— WHAT TO WORK ON —
Look through the listing for the word "Lace". Copy each line that has it.

— DATASET RECORDS —
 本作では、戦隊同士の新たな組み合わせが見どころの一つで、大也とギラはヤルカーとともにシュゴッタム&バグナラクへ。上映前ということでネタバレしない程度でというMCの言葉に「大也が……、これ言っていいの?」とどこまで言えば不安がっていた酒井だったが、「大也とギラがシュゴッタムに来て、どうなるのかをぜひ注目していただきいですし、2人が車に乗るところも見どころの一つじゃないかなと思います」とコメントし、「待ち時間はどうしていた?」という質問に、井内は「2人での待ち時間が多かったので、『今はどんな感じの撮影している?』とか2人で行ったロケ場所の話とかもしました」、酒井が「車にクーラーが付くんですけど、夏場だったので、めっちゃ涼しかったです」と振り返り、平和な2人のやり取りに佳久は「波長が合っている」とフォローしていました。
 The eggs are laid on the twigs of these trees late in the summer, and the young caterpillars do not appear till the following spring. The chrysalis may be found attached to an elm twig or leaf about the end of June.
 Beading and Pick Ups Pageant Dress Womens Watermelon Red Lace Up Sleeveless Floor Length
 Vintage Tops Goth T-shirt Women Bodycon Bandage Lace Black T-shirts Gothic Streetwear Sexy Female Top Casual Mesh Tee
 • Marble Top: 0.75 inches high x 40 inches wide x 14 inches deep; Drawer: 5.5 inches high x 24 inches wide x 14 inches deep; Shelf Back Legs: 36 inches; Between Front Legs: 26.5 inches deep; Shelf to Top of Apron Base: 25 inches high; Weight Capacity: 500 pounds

--

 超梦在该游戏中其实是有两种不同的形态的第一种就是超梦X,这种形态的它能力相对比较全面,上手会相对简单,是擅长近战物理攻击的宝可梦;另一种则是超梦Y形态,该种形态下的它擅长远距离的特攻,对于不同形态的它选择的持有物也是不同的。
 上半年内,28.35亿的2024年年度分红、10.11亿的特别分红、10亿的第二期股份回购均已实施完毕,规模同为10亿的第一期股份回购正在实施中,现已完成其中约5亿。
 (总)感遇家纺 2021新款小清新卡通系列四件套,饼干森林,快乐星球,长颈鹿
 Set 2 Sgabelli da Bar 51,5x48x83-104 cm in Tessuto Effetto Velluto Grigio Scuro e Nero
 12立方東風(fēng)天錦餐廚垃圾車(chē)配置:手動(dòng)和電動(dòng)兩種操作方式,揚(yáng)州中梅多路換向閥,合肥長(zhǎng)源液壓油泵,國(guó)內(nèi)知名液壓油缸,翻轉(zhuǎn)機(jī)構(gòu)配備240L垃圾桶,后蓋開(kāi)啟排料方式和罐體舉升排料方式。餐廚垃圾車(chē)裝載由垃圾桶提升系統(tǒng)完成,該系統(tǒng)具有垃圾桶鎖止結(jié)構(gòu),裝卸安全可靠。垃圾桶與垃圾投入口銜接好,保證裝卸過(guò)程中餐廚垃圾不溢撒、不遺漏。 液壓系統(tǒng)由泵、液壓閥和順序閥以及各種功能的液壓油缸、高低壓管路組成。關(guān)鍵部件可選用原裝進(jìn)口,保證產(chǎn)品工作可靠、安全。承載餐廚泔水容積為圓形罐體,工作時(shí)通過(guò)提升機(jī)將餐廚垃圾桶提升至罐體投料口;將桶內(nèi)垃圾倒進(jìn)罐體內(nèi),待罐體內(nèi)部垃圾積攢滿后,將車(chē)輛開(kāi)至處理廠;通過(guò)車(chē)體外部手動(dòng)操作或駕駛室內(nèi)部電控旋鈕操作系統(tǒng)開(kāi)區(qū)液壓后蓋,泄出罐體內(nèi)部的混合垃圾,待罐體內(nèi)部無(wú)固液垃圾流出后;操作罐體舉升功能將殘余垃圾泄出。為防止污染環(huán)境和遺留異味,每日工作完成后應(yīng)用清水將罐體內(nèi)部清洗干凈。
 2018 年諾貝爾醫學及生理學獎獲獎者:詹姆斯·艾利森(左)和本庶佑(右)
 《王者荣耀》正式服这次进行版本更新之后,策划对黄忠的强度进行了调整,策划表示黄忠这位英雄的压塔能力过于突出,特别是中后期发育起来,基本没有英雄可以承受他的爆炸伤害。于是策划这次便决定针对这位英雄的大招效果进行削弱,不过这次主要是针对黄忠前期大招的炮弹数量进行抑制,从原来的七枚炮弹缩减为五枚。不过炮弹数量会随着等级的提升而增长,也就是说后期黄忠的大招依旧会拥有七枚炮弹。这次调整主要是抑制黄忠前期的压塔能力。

— SOLUTION TO THIS PROBLEM —
 Beading and Pick Ups Pageant Dress Womens Watermelon Red Lace Up Sleeveless Floor Length
 Vintage Tops Goth T-shirt Women Bodycon Bandage Lace Black T-shirts Gothic Streetwear Sexy Female Top Casual Mesh Tee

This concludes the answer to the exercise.